Typically, however, data is temporarily stored in at least one set of staging tables as part of the process.

The extract step might copy data to tables as quickly as possible in order to minimize time spent querying the source system, or the transform step might place data in tables that are copies of the warehouse tables for ease of loading (to enable partition swapping, for example), but the general process stays the same despite these variations.

Which is better depends on priorities. All things being equal, it’s better to have fewer moving parts. ELT has no transformation engine – the work is done by the target system, which is already there and probably being used for other development work.

On the other hand, the ETL approach can provide drastically better performance in certain scenarios. The training and development costs of ETL need to be weighed against the need for better performance. (Additionally, if you don’t have a target system powerful enough for ELT, ETL may be more economical.)

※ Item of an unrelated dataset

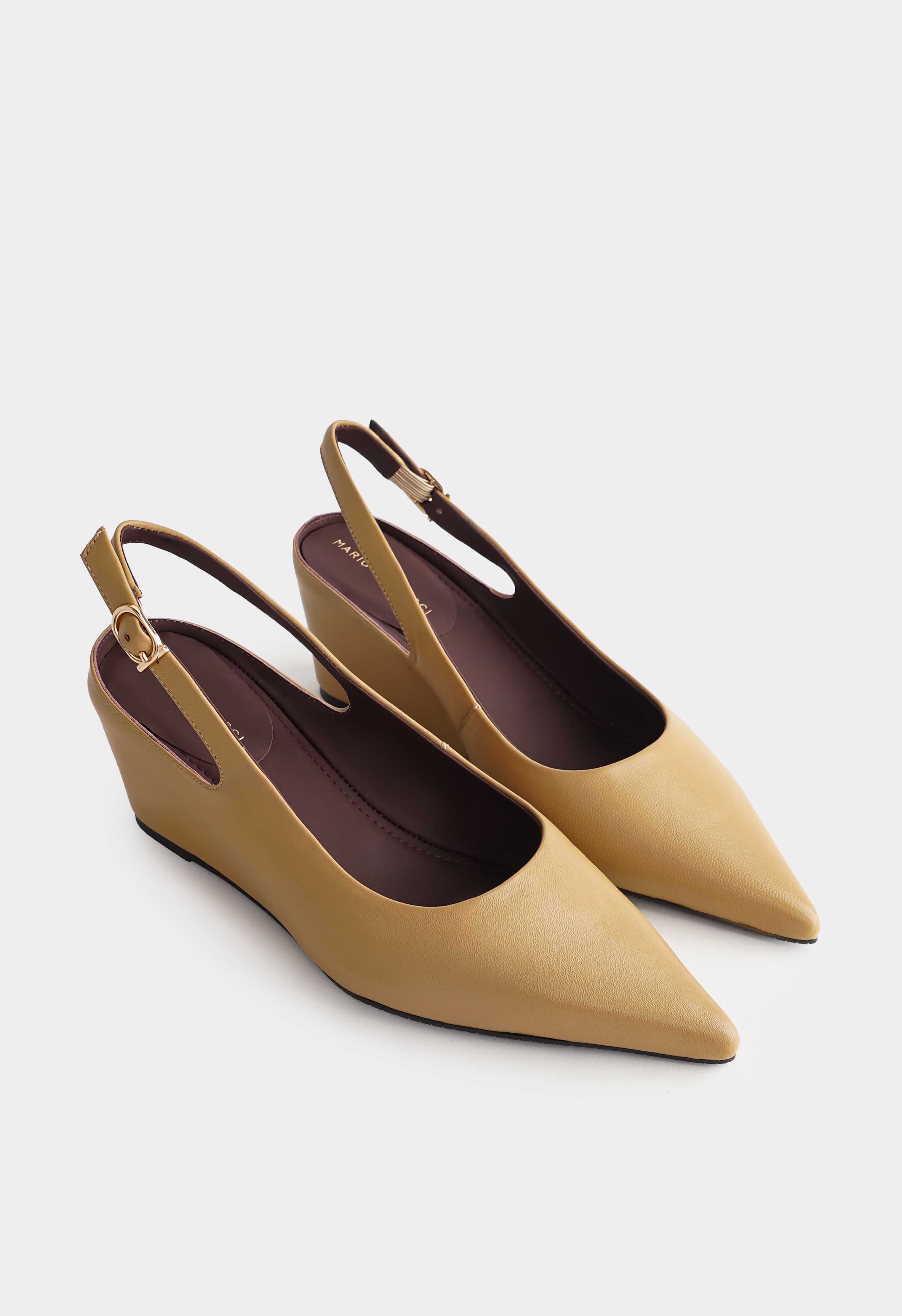 Элегантные бежевые туфли из натуральной кожи – идеальный баланс комфорта и утонченного стиля. Заостренный мысок визуально вытягивает силуэт, добавляя образу изюминки, а аккуратная золотая пряжка становится стильным акцентом. Удобная танкетка обеспечивает устойчивость и легкость шага в течение всего дня, в то время как гибкая подошва дарит максимальный комфорт. Универсальная модель, которая гармонично дополнит как деловые, так и вечерние образы.

Some general guidelines on data loading:

Extract, Transform, Load (ETL)

Extract, Load, Transform (ELT)

Bulk data movement

When ingestion speed is king

Complex rules and transformations are needed.

When more intel is better intel

Combine large amounts of data from multiple sources

When you know you will need to scale

Finally

To sum things up, building, deploying and loading efficient and effective data platforms revolves around planning and modeling. If these things are done up front with the inclusion of the organization in the planning stages then we save a lot of headache and cost. I will leave you with this quote which pretty much says it all:

 
“If you do not know where you come from, then you don't know where you are, and if you don't know where you are, then you don't know where you're going. And if you don't know where you're going, you're probably going wrong.”